7- Polarion recommends that batteries should be stored charged.

_SOURCE: Polarion HQ_


----------



## Polarion-Sparetech2 (Nov 4, 2015)

*Re: Polarion Battery - 2015 Thread - Clarification and additional information*

Polarion does not recommend, support or endorse repacking of dead batteries. If you have a dead battery, buy a new one with the updated PCB board inside. They are in stock in the USA (polarion-store) and in many other countries.


----------



## kj2 (Nov 6, 2015)

*Re: Polarion Battery - 2015 Thread - Clarification and additional information*

Can still order a PH50 at my local flashlight dealer. But I'm quite certain the included battery will be dead. They've it in stock for quite awhile.


----------



## Polarion-Sparetech2 (Nov 6, 2015)

*Re: Polarion Battery - 2015 Thread - Clarification and additional information*



kj2 said:


> Can still order a PH50 at my local flashlight dealer. But I'm quite certain the included battery will be dead. They've it in stock for quite awhile.

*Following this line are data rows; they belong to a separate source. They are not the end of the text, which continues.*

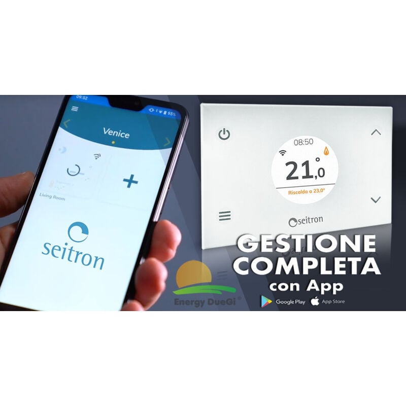 Cronotermostato da semi incasso WiFi Seitron WI-Time Novità in casa Seitron Wi-Time è un cronotermostato WiFi da semincasso, programmabile da Smartphone tramite App e alimentato da rete elettrica, con la possibilità di collegare una sonda remota (opzionale).E' caratterizzato da un display LCD circolare e da quattro pulsanti touch Tipologia: Cronotermostato da semi incasso Colori disponibili: Nero o Bianco Display: TFT a colori Alimentazione: 100..253Vac 50..60Hz Potenza assorbita inferiore a 2W Portata contatti relè: max 3A 250Vac SPDT WiFi: 802.11 b/g/n Gamma di regolazione: +5.0..+40.0 °C Gamma di misurazione: -10.0..+50.0 °C Modalità funzionamento riscaldamento/raffrescamento Programmazione settimanale o manuale Funzione Antigelo Modalità boost regolabile (30-60-90min) Possibilità di collegare una sonda remota Orologio con batteria tampone regolato dal web Grado di Protezione: IP 30 Dimensioni: 122x82x15 mm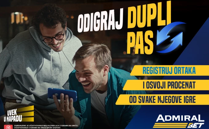 AdmiralBet predstavlja novu funkciju koja zajedničku igru podiže na viši nivo. Dupli pas je refer-a-friend koncept osmišljen tako da nagrađuje svaku preporuku, poverenje i timsku igru. Svaka asistencija donosi priliku za zaradu, jer svaka nova registracija preko preporuke otvara mogućnost za dodatni freebet.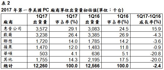 2017年第一季,美國地區PC出貨量總計1,230萬台,較去年同期下滑2.4%。美國市場已連續兩季微幅下滑,主要原因歸咎於消費性市場疲弱。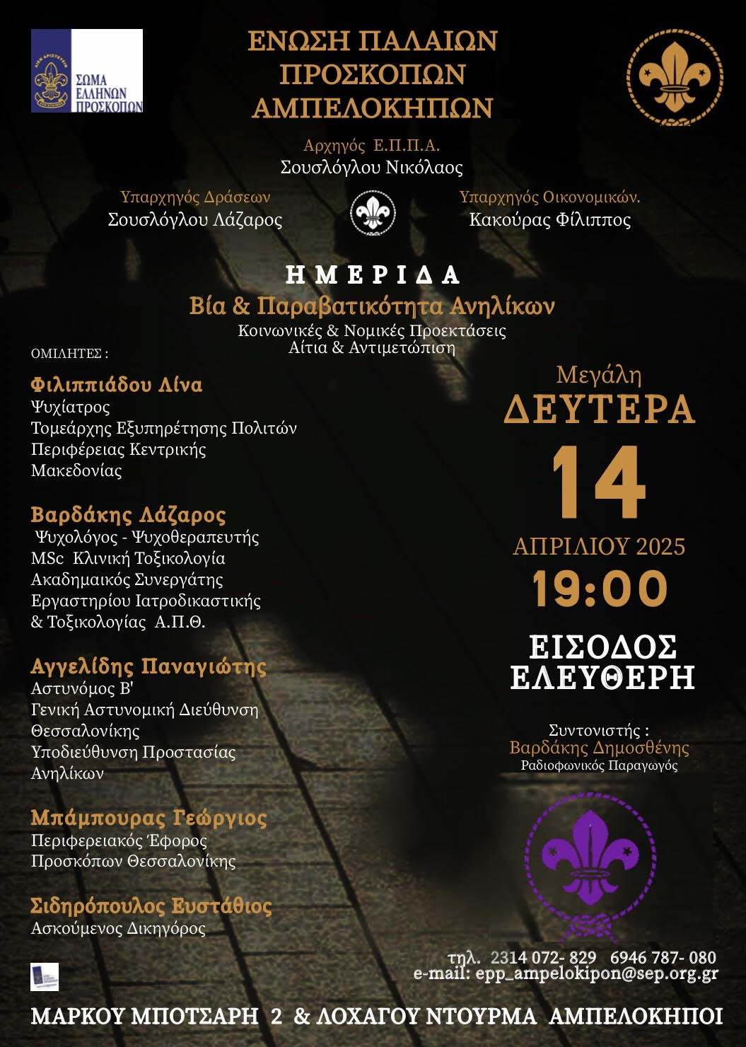 Η Ένωση Παλαιών Προσκόπων Αμπελοκήπων την ΜΕΓΑΛΗ ΔΕΥΤΕΡΑ 14/4/2025 και ώρα 7:00΄ μ.μ. , διοργανώνει στην έδρα της επί της οδού Λοχαγού Ντούρμα και Μάρκου Μπότσαρη αρ. 2, Αμπελόκηποι Θεσσαλονίκη , ΗΜΕΡΙΔΑ με θέμα: ΒΙΑ ΚΑΙ ΠΑΡΑΒΑΤΙΚΟΤΗΤΑ ΑΝΗΛΙΚΩΝ (Αίτια και αντιμετώπιση)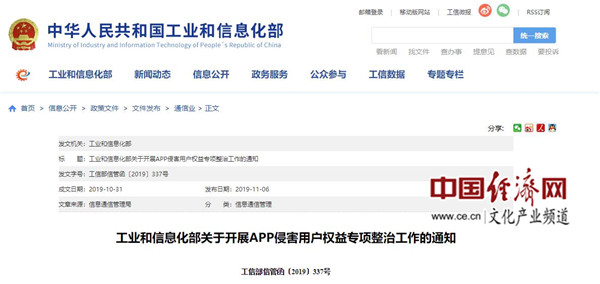 經(jīng)濟(jì)日報(bào)-中國經(jīng)濟(jì)網(wǎng)北京11月26日訊 日前,工業(yè)和信息化部發(fā)布《關(guān)于開展APP侵害用戶權(quán)益專項(xiàng)整治工作》的通知,《通知》稱,鑒于當(dāng)前APP違規(guī)收集個(gè)人信息、過度索權(quán)、頻繁騷擾、侵害用戶權(quán)益等問題突出將開展專項(xiàng)整治工作,專項(xiàng)整治工作時(shí)間將一直持續(xù)至2019年12月20日。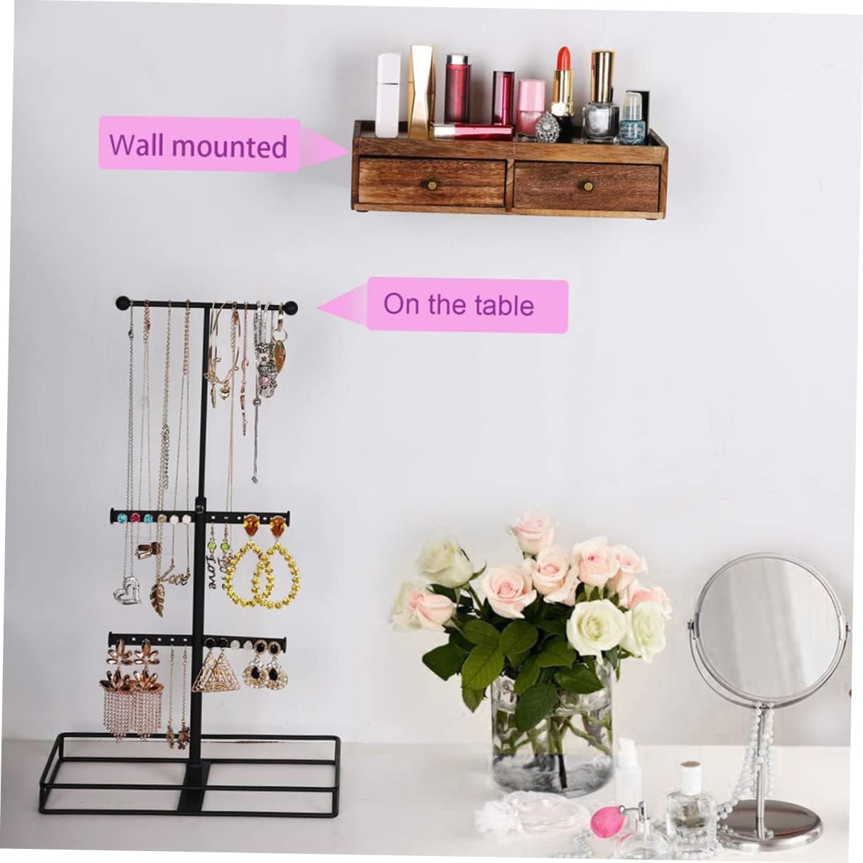 Package List 1 x Jewelry Rack Features -Size: 25.00X12.00X54.00cm 9.82X4.72X21.22inch case -Material: wood, iron display -Color: Assorted Color mothers - Wonderful choice for women, friends, family, co-worker and more bar. - Help keep your jewelry neat and orderly, quickly and efficiently find what you need small. - for holding small daily wearing jewelry and keep them well organized Bracelet Rack. - Main used for small ornaments such as rings, earrings, pendants, necklace, etc hanger. - Decorative jewelry rack is suitable for placing on anywhere, bathroom, living room, etc earring.Goods InformationEarring Rack Wonderful for jewelry display decor.jewelry earring tower texture, great hand feeling, fashionable style.earring rack This wood base jewelry rack has been designed for and natural material, odorless and .Necklace Hanging Stand You can store your favorite jewelry, such as bracelet, rings etc

A PH50 light would be nearly 5 years old. Battery life is a function of charge cycle (in your case nearly zero we can assume) and long term storage at empty (likely in your case).

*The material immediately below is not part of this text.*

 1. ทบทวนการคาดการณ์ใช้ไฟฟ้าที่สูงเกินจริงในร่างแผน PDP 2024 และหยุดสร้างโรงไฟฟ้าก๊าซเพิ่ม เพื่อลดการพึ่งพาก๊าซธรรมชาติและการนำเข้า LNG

You can buy the normal PH replacement battery and you will be all set. Polarion-store carries it but you can also buy on Ebay. It may be cheaper for you to go through Ebay because they have a Global Shipping Option that is cheaper for end-users in many cases.


----------



## kj2 (Nov 7, 2015)

*Re: Polarion Battery - 2015 Thread - Clarification and additional information*



Polarion-Sparetech2 said:


> .. It may be cheaper for you to go through Ebay because they have a Global Shipping Option that is cheaper for end-users in many cases.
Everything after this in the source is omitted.